Effects of QI Interventions
QI interventions resulted in a statistically significant reduction in rarely appropriate tests compared to the control group (OR 0.52, 95% CI 0.41-0.66; p<0.01) (Figure 2). The effects of QI interventions were analyzed over both the short (< 3 months) and long-term (> 3 months) with (OR 0.62, 95% CI: 0.49-0.79; p<0.01) in the short term and (OR 0.47, 95% CI: 0.35-0.62; p<0.01) in the long term (Figure 3). This suggests that the introduction of a QI intervention resulted in both an immediate change in provider ordering behavior to be more consistent with AUC guidelines, with increasing effect over time. When we compared the odds ratios for short-term and long-term follow-up, we found that there may be a trend towards an increase in effect on long-term follow-up.

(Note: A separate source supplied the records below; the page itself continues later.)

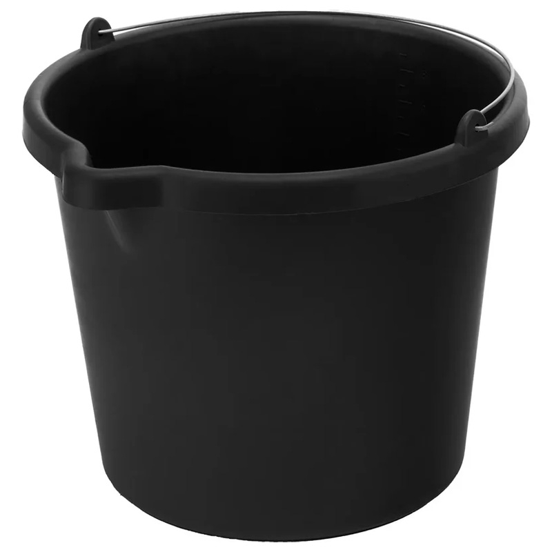 Прочная пластмасса устойчива к химическому воздействию смесей и растворов. Борты ведра усилены рёбрами жесткости.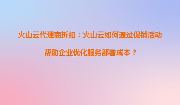 2025-08-13如何通过火山云代理商折扣活动优化云迁移成本? 火山云代理商折扣活动的核心价值 火山云通过代理商体系为企业提供阶梯式折扣政策,新用户首单最高可享5折优惠,长期合作客户还可获得定制化资源包。这...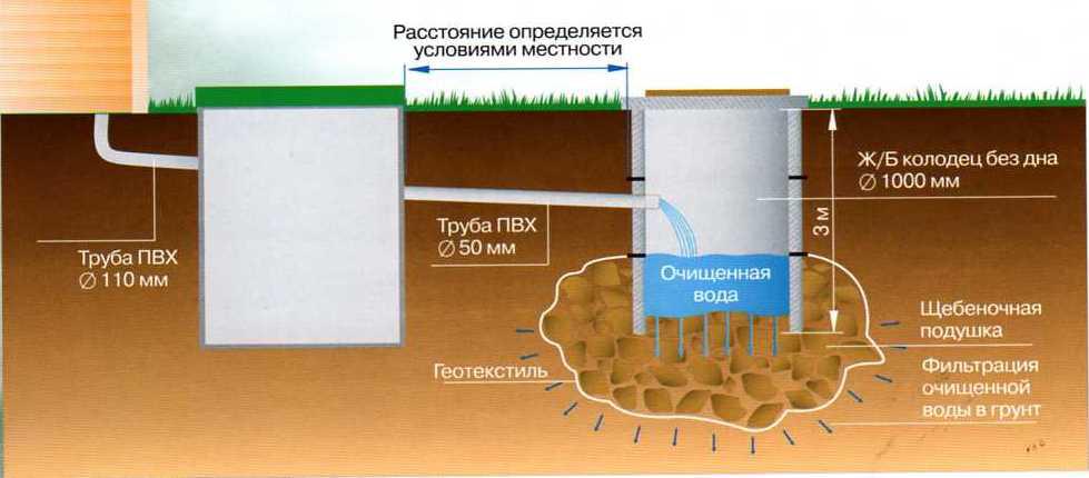 Вторая камера септика – это фильтрующий колодец. Она не имеет дна, а под камерой устраивают подушку, изготовленную их щебня или гравия. Эта подушка используется для механической фильтрации воды, то есть для удаления тонких взвесей.

We also performed subgroup analysis of the type of QI intervention to assess whether the effectiveness of QI intervention varied by modality. Our analysis revealed that using either education tools or decision support tools were both statistically significant in reducing rarely appropriate testing (OR 0.54, 95% CI: 0.41-0.73; p<0.01; OR 0.47, 95% CI: 0.36-0.61; p<0.01) (Figure 4). Feedback tools are often added to other QI intervention modalities due to the assumption that it may augment the effect of QI interventions. Our subgroup analysis showed that adding a feedback tool to either an education tool or a decision support tool did not change the effect compared to not using the feedback tool. The odds ratios for QI intervention with or without a feedback tool added were similar and demonstrated that QI interventions were effective at reducing rarely appropriate testing even when used as the sole QI modality without addition of a feedback tool (OR 0.49 vs. 0.57, 95% CI: 0.36-0.68 vs. 0.39-0.84; p>0.05) (Figure 5).